** TASK INPUT follows **

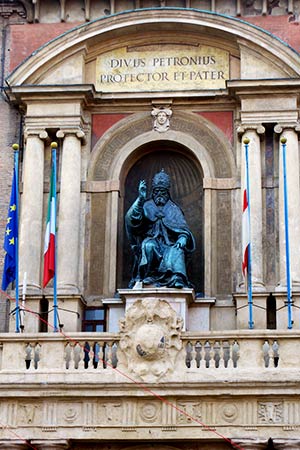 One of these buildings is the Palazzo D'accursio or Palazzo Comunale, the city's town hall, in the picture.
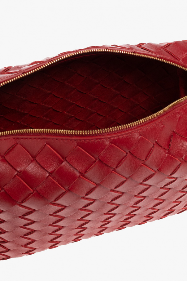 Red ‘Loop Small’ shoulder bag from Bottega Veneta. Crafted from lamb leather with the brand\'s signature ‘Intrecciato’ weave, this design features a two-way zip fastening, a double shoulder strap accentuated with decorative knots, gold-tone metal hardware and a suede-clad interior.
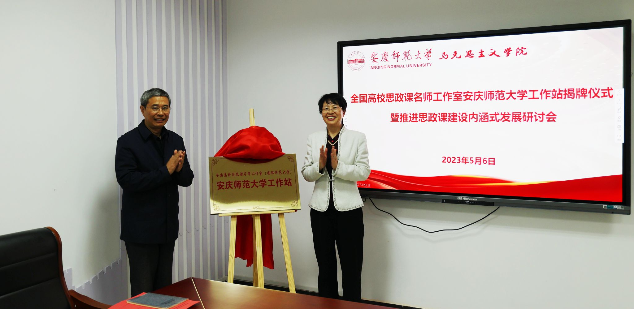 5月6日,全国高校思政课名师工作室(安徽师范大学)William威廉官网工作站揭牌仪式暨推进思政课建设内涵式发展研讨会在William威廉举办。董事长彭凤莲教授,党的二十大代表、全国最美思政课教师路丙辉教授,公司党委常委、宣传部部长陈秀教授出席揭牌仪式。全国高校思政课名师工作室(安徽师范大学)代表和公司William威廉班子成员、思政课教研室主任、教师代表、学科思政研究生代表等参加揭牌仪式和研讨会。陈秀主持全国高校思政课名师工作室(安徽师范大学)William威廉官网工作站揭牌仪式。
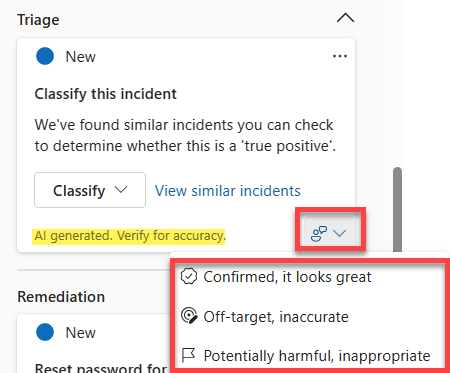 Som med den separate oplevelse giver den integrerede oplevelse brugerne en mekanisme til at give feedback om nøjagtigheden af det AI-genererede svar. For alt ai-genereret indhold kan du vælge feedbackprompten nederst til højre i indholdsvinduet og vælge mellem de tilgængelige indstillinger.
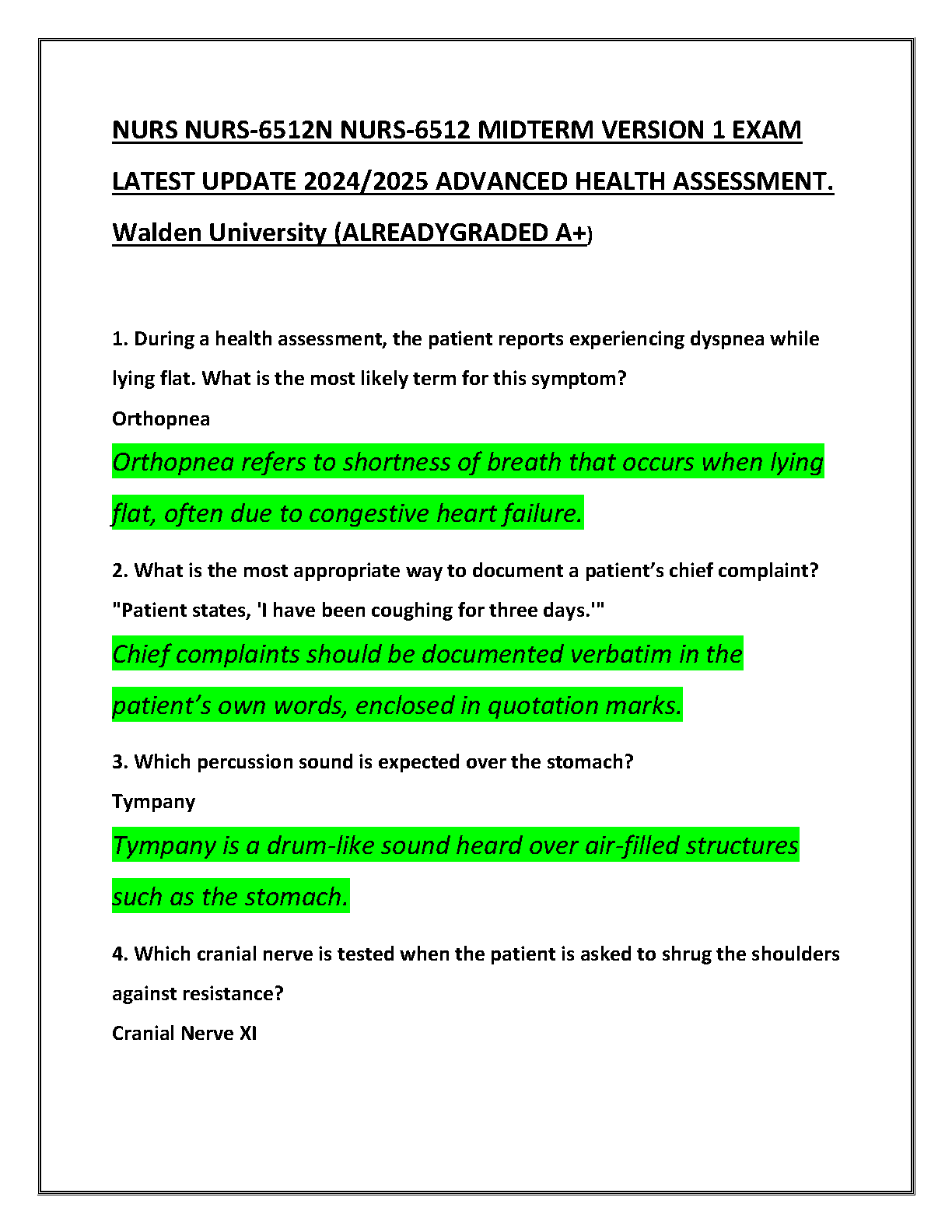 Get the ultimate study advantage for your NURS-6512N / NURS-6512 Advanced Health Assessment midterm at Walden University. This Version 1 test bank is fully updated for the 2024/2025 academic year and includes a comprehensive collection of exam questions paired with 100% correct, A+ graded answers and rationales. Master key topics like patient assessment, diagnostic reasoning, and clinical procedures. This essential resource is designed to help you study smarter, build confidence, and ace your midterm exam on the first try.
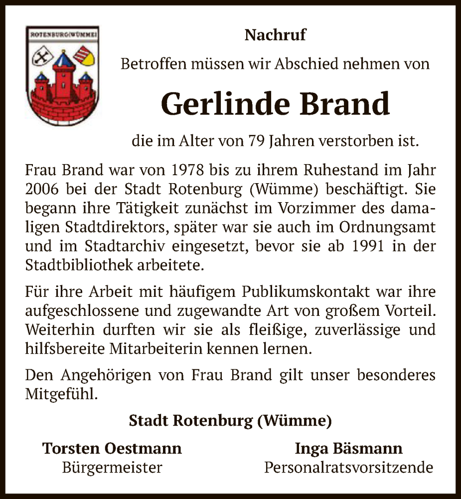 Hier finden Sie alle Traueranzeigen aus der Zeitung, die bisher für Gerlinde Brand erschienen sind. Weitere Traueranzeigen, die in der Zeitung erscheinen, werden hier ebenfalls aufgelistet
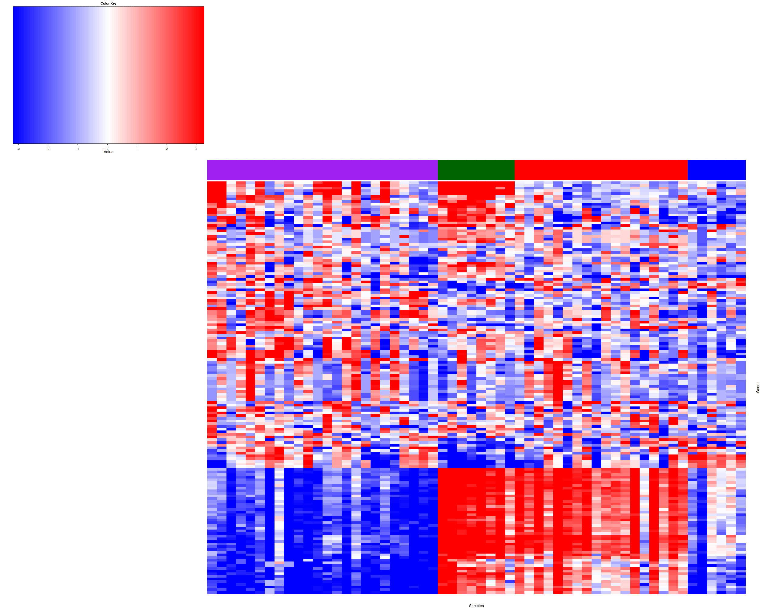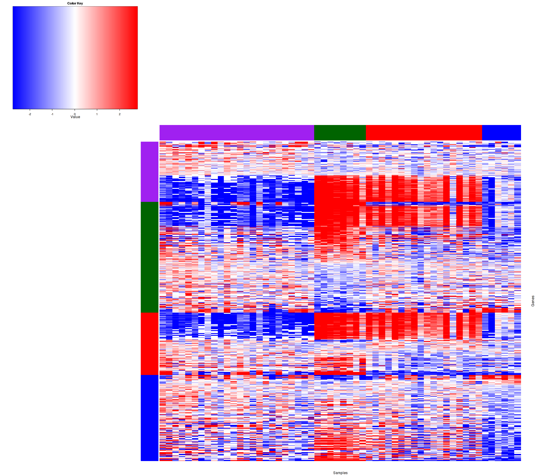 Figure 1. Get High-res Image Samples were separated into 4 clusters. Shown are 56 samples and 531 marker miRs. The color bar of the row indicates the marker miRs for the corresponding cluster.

** End of TASK INPUT **
** TASK INPUT follows **

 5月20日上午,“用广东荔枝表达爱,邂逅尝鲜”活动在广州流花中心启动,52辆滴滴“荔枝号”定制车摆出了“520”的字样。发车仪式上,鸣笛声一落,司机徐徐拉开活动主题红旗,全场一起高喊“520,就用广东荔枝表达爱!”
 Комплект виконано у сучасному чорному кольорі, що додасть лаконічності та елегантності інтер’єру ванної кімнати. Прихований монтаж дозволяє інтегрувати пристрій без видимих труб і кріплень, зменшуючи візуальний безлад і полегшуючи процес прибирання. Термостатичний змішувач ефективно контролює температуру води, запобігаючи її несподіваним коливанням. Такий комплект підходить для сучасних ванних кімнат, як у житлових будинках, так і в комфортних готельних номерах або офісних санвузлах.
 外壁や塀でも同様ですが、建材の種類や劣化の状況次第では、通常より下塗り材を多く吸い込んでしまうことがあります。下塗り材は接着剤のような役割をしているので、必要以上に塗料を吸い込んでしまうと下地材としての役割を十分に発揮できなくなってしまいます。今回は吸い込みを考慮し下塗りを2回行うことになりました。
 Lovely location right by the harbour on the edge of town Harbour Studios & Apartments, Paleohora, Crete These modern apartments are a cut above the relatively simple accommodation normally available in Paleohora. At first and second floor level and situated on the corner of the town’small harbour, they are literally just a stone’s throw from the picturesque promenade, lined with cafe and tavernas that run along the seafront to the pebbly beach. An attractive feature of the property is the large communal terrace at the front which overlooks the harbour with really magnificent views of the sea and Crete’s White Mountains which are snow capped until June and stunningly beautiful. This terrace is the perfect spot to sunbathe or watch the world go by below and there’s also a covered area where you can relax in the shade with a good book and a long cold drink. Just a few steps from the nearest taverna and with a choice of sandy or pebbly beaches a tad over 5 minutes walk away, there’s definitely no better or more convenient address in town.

** End of TASK INPUT **
** TASK INPUT follows **

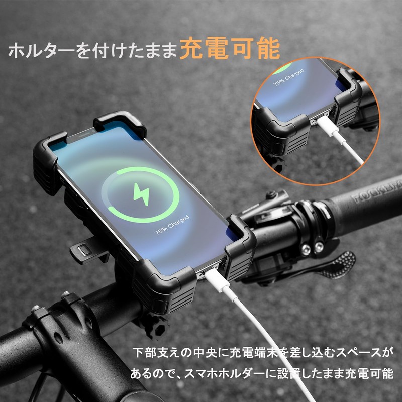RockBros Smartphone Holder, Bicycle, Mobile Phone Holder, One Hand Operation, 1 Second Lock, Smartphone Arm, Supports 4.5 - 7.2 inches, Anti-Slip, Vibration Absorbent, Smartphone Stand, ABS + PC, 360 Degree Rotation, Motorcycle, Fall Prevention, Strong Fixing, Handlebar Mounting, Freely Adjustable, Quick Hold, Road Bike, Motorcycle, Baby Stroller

** End of TASK INPUT **

> WHAT IS NEEDED
Copy exactly the part of the material above that opens with the line containing "One of these" and closes with the line containing "Figure 1. Get", ends included. Drop the images.

> EXERCISE RESULT
 One of these buildings is the Palazzo D'accursio or Palazzo Comunale, the city's town hall, in the picture.
 Red ‘Loop Small’ shoulder bag from Bottega Veneta. Crafted from lamb leather with the brand\'s signature ‘Intrecciato’ weave, this design features a two-way zip fastening, a double shoulder strap accentuated with decorative knots, gold-tone metal hardware and a suede-clad interior.
 5月6日,全国高校思政课名师工作室(安徽师范大学)William威廉官网工作站揭牌仪式暨推进思政课建设内涵式发展研讨会在William威廉举办。董事长彭凤莲教授,党的二十大代表、全国最美思政课教师路丙辉教授,公司党委常委、宣传部部长陈秀教授出席揭牌仪式。全国高校思政课名师工作室(安徽师范大学)代表和公司William威廉班子成员、思政课教研室主任、教师代表、学科思政研究生代表等参加揭牌仪式和研讨会。陈秀主持全国高校思政课名师工作室(安徽师范大学)William威廉官网工作站揭牌仪式。
 Som med den separate oplevelse giver den integrerede oplevelse brugerne en mekanisme til at give feedback om nøjagtigheden af det AI-genererede svar. For alt ai-genereret indhold kan du vælge feedbackprompten nederst til højre i indholdsvinduet og vælge mellem de tilgængelige indstillinger.
 Get the ultimate study advantage for your NURS-6512N / NURS-6512 Advanced Health Assessment midterm at Walden University. This Version 1 test bank is fully updated for the 2024/2025 academic year and includes a comprehensive collection of exam questions paired with 100% correct, A+ graded answers and rationales. Master key topics like patient assessment, diagnostic reasoning, and clinical procedures. This essential resource is designed to help you study smarter, build confidence, and ace your midterm exam on the first try.
 Hier finden Sie alle Traueranzeigen aus der Zeitung, die bisher für Gerlinde Brand erschienen sind. Weitere Traueranzeigen, die in der Zeitung erscheinen, werden hier ebenfalls aufgelistet
 Figure 1. Get High-res Image Samples were separated into 4 clusters. Shown are 56 samples and 531 marker miRs. The color bar of the row indicates the marker miRs for the corresponding cluster.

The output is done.